The main eastern railway connected with Northam to the west, and to Southern Cross to the east.

The narrow gauge lines that connected with Merredin were:
- Narrogin from the western end of the station, Bruce Rock to the south (then to Narrogin).
- from the north of the station area, Nungarin (to Wyalkatchem) to the north.
- from the east of the station area, Kondinin to the south (for a line to Narrogin).
When the main eastern railway line was converted to standard gauge in the late 1960s, a new station was built diagonally opposite.

The original station is used as a museum. Exhibits include a G class steam locomotive and TA class diesel locomotive.

In 2021–22, work began on constructing a second high-level platform to improve accessibility. Rail Express website reported that the high level platform was complete in October 2024.

== Marshalling yards ==
Due to the wheat silos, and the number of lines running into Merredin, the
area to the west of the railway station was taken up with the marshalling yards.

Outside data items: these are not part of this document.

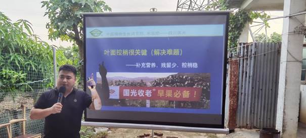 6月14日,國光農(nóng)化在四川省金堂縣召開“國光柑橘全程調(diào)控方案現(xiàn)場觀摩暨夏季修剪培訓會”,104名核心種植戶參會,現(xiàn)場認購國光方案400畝。
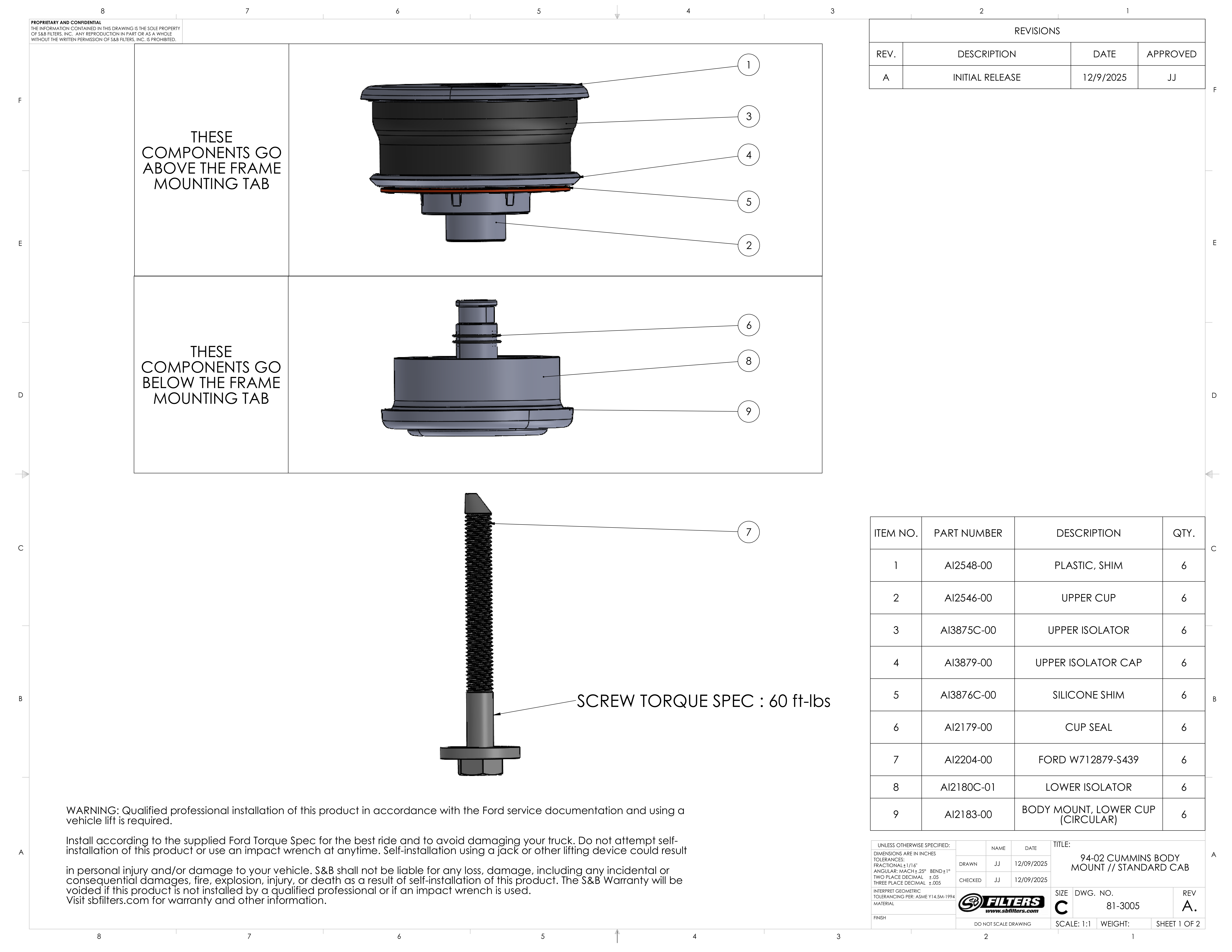 Then move on down the line and install the upper-half of every body mount on the Passenger Side while the cab is up in the air.
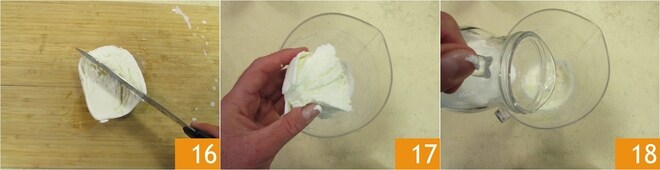 Ahora pasa a la crema de mozzarella. Corta el fiordilatte en piezas 16 y transfiérelas a un recipiente alto y estrecho 17. Luego añade la nata 18 y tritura todo.
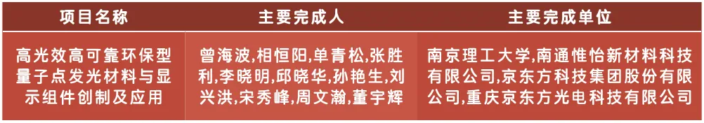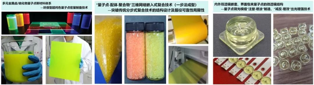 成果简介:无机半导体量子点,因其显著的量子效应、可调且纯色的发光,而被授予2023年诺贝尔奖,是推动新一轮“广色域、高光效、轻薄柔”显示技术变革的源头。针对量子点显示的重大需求与挑战,该成果聚焦量子点“材料-复合-组件”关键技术链,突破环保化、可靠性、光效难题,创制了环保型量子点新材料,开发了高光效高可靠量子点背光透镜、背光膜等4型7类量子点显示产品。其中,双球叠套量子点透镜属国际首创,量子点合成与复合技术达国际领先水平,经济、环境及社会效益显著,推动了行业科技进步。

However the Merredin railway yard had entailed lines adjacent to the railway station.

The importance of the Merredin marshalling yards and railway yard, was reduced as the feeder narrow gauge branch lines were closed over time. Merredin is still the location of a large grain silo complex.

== Passenger services==

Transwa's MerredinLink and Prospector services stop at Merredin, at least one service each day.

The Indian Pacific also passes here, running once a week each way between East Perth and Sydney Central, but does not stop at the station.